B, In situ hybridization for RCAS shows that virus expression is mainly in the epithelium (RCAS polymerase). C, There is reduced expression of Ker 17-l. D, There is a loss of the differentiation marker Ker A. E, Laminin staining of the dermal papilla is expanded. F, Tenascin C staining shows loss of the feather pulp. G, NCAM shows expansion of the DP. H. A diagram summarizing the affects of Sprouty on feather branching morphogenesis.

I, J, K. P63 staining of the normal and perturbed feathers. P63 stains strongly in the basal layer of the collar region, and was expanded in RCAS-Fgf10 samples (K), and diminished in RCAS-Spry4 samples (J). L, M, N. PCNA staining of the normal and perturbed feathers. The expression domain was expanded in RCAS-Fgf10 samples (N) and diminished in RCAS-Spry4 samples (M).

aCl, abnormal collar; aDP, abnormal dermal papilla.

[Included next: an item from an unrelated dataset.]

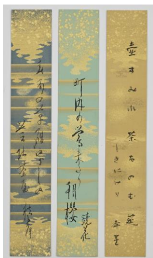
Poem-slips written by three literary giants of Kanazawa, Tokuda Shūsei (1871-1943), Izumi Kyōka (1873-1939), and Murō Saisei (1889-1962) Ishikawa Modern Literature Museum collection

本次展覽將與季節相呼應，用色紙（書寫和歌、俳句等用的方形厚紙，表面多飾以五色紋樣或金銀箔粉）、短冊（書寫和歌、俳句等用的細長詩箋）等手跡呈現作家筆下描繪春天的詩。觀眾可以透過小說家所創作的「文人俳句」以及短歌、詩作等近距離感受到作家們以其靈動的感性捕捉到的「春」。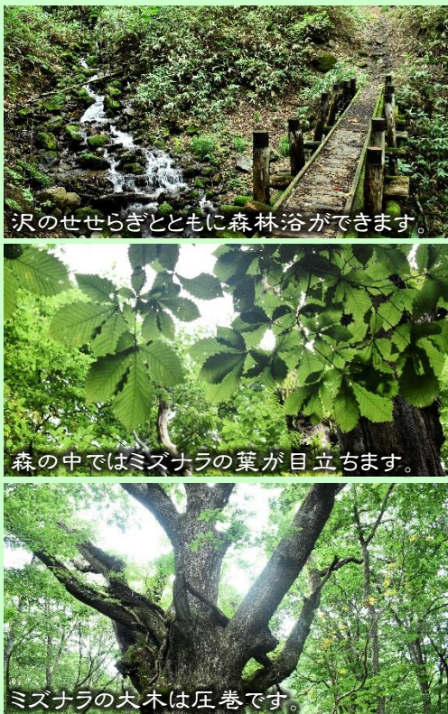
沢のせせらぎとともに森林浴ができます。

Molecular Characterization of Spry4 perturbed feathers

To characterize the phenotypes produced by Spry4 over-expression, we examined the expression pattern of molecular markers in these follicles. Ker 17-l and Ker A were expressed in the abnormal epithelial branches. These molecules normally do not appear in the follicle sheath, suggesting that these abnormal epithelial structures resembled real feather branches at a molecular level (Fig. 4A, C, D, F, G). Immunohistochemistry revealed the abnormality also included mesenchymal components: a loss of the DP structure was obvious by laminin, Tenascin C, and NCAM staining (Fig. 4H–I"). The widespread laminin staining suggested that most of the mesenchyme was turned into angiogenic pulp. There is also a lack of tenascin. The DP became atrophic. A normal growth stage feather follicle is now shown in Fig. 4J for comparison. Overall, the sprouty over-expressing follicle appeared to be more distalized and was missing the proximal components (Fig 4K).

To further characterize the role of spry4 overexpression in feather follicles, we analyzed the expression of other genes known to be involved in feather morphogenesis. Shh is a molecular marker for branching epithelium, expressed in the marginal plate cells, and may be involved in regulating apoptosis of the feather epithelium (Ting-Berreth and Chuong, 1996; Yu et al., 2002; Chang et al., 2004). In spry4 transduced feather follicles, Shh was ectopically induced in the epithelial branches of the follicle sheath (Fig 4L–L"), suggesting these branches originated from a similar branching program as is responsible for the normal ramogenic zone activity. These results suggest that the ramogenic branching program can be ectopically induced by excessive spry signaling.

Fgf10 over-expressing feather follicles show extensive formation of collar epithelia and expanded dermal papilla mesenchyme

Fgf10 is endogenously expressed in feather follicles. Ectopic expression of Fgf10 was used to tilt the balance of endogenous sprouty activity. When RCAS-Fgf10 was overexrepssed in feather follicle, it generated a "fat" follicle but the feather growth stopped precociously (Fig. 3A). Fgf10 over-expression leads to expanded proximal follicle structures, including extensive formation of collar epithelia and expansion of the dermal papilla-like mesenchyme (Fig 5A). Molecular characterization showed Ker 17-l expression in the follicle epithelium, but not Ker A, suggesting the Fgf10 over expressing epithelium assumed a very proximal fate (Fig 5C–D) and failed to form differentiated barb ridges. P63 was suggested to be a molecular marker for epithelial stem / progenitor cells that is required for epithelial stratification (Mills et al., 1999; Pellegrini, et al., 2001; Senoo et al., 2007). In normal feather follicles, P63 was strongly expressed in the basal collar region of the collar epithelium (Fig 5I). In Fgf10 transduced follicle epithelium (Fig 5K), P63 remained in a similar region; whereas the region was diminished in Spry4 transduced follicles (Fig 5J). The cell proliferation marker, PCNA, showed similar staining patterns. Strong expression of PCNA was observed in the basal layer of collar epithelium in normal follicles (Fig. 5L). Similar staining was seen in Fgf10 transduced follicles (Fig 5N), but the staining is reduced in Spry4 transduced follicles (Fig 5M). Consistent with the notion that the expanded mesenchyme has a proximal fate, the expanded mesenchyme in Fgf10 transduced follicles shows positive immunostaining for laminin, tenascin and NCAM (Fig 5E–G). NCAM expression is a characteristic of the DP (Chuong and Edelman, 1985; Jiang and Chuong, 1992).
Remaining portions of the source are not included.